New York Governor Paterson Orders Immediate Action On Behalf Of Workers In The Financial Industry

                               

Coordinated Effort to Take Place between New York and New Jersey Labor Departments


Albany, NY (CompNewsNetwork) - New York Governor David A. Paterson has directed the New York State Labor Department to take immediate action by reaching out to affected workers on Wall Street. The Labor Department will dispatch its rapid response specialists to assist displaced workers in New York City's financial industry. These rapid response sessions will provide workers with basic information on how to file an unemployment claim, possible training opportunities, labor market information, and workshops covering everything from resume writing to interviewing skills.

Upon the request of Governor Paterson, commissioners from both the New York State Department of Labor and the New Jersey Department of Labor and Workforce Development met this morning to discuss how both agencies can best devote joint resources and staff to assist the industry's displaced workers.

“These are unparalleled circumstances that workers in New York's financial industry are facing, and they need to know that government is here to help in every way we can,” said Governor Paterson. “Wall Street's continuing problems should serve as a stark reminder that this recession is far from over, and clearly there is significant work to be done to help our state economy and, more importantly, the residents of New York weather this financial crisis.”

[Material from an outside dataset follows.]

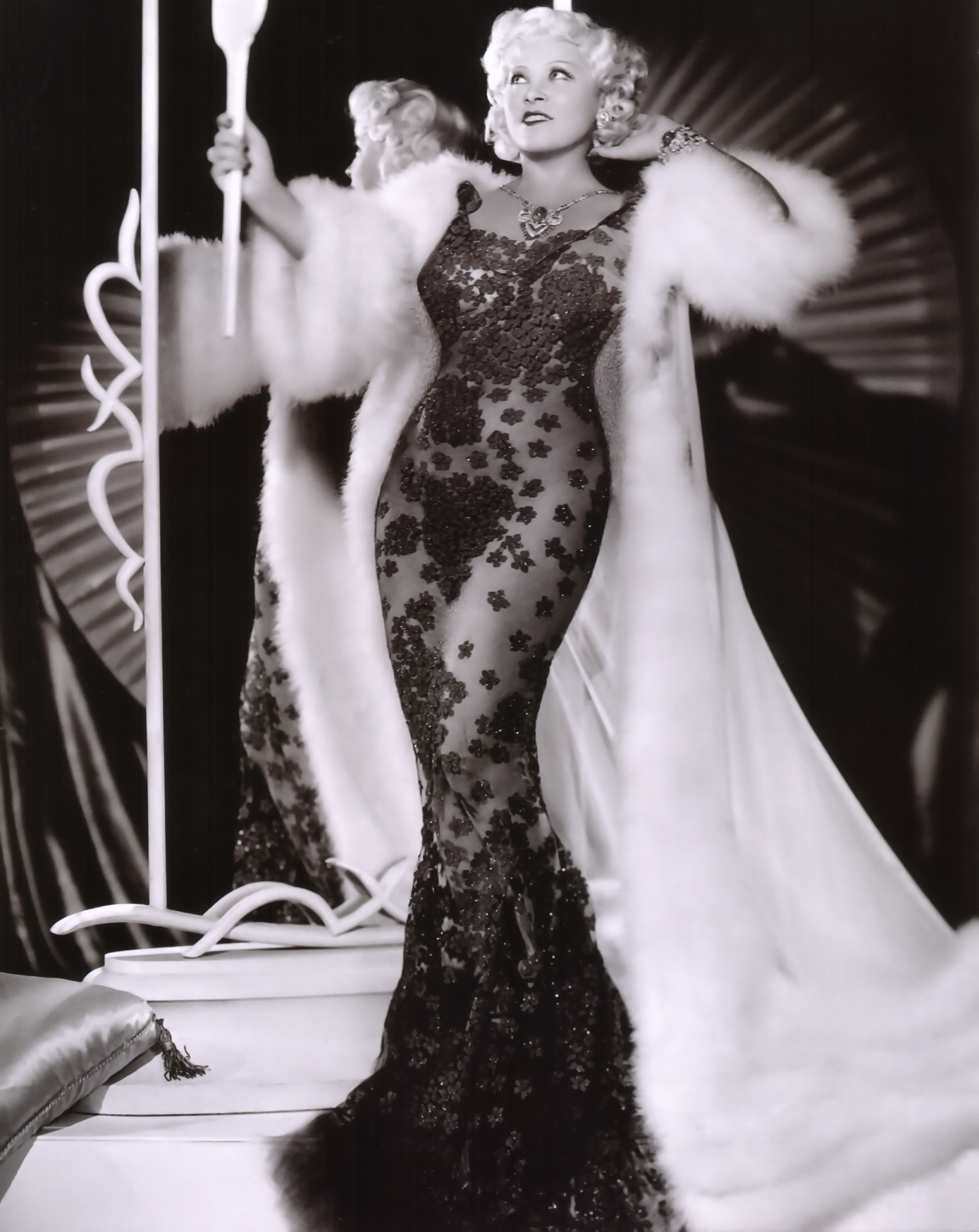 Mae West in "Go West Young Man", a film directed by Henry Hathaway (1936)

Approximately 11,000 jobs were lost in New York's finance and insurance sectors between July 2007 and July 2008. More recent data will likely show this number continues to grow and based on past data, approximately 40,000 jobs in the financial services industry in the New York City area can be expected to be lost in the current downturn. All told, approximately 120,000 jobs may ultimately be directly and indirectly affected as a result of financial sector turmoil.

Additionally, the New York State Labor Department is leading the coordination of a Federal Reserve-Bank of New York Mellon hosted tri-state initiative which will examine the impact of financial sector turmoil in New York. This initiative will focus on job loss in the financial services and related industry sectors, in addition to the spillover effects on other employment that is indirectly supported by those jobs.

New York State Labor Commissioner M. Patricia Smith said: “We are acting right now on behalf of workers to help them get back on their feet so they can continue to contribute to our city and state's economy. This unprecedented collaboration between New York and New Jersey will begin immediately, and won't end until this crisis is over.”

New Jersey Labor Commissioner David J. Socolow said: “Governor Corzine and I know that many Lehman Brothers workers commute to or from New Jersey. By working together with the New York Labor Department we can provide a comprehensive approach to reaching the workers and guiding them to the right services no matter where they live or where they worked.”

The Labor Department will reach out to Wall Street investment companies and offer resources for their current and former employees, including meetings with human resources to collect information on worker skills. The Labor Department will then contact area employers who may be interested in recruiting these workers.

According to the State Labor Department, over the long term, the securities and commodities industry is an economic driver for New York City, with employment and wages growing far faster than the overall economy. In 2007, Wall Street accounted for 185,700 jobs; 5.8 percent of New York City's private sector employment and 28 percent of private sector wages.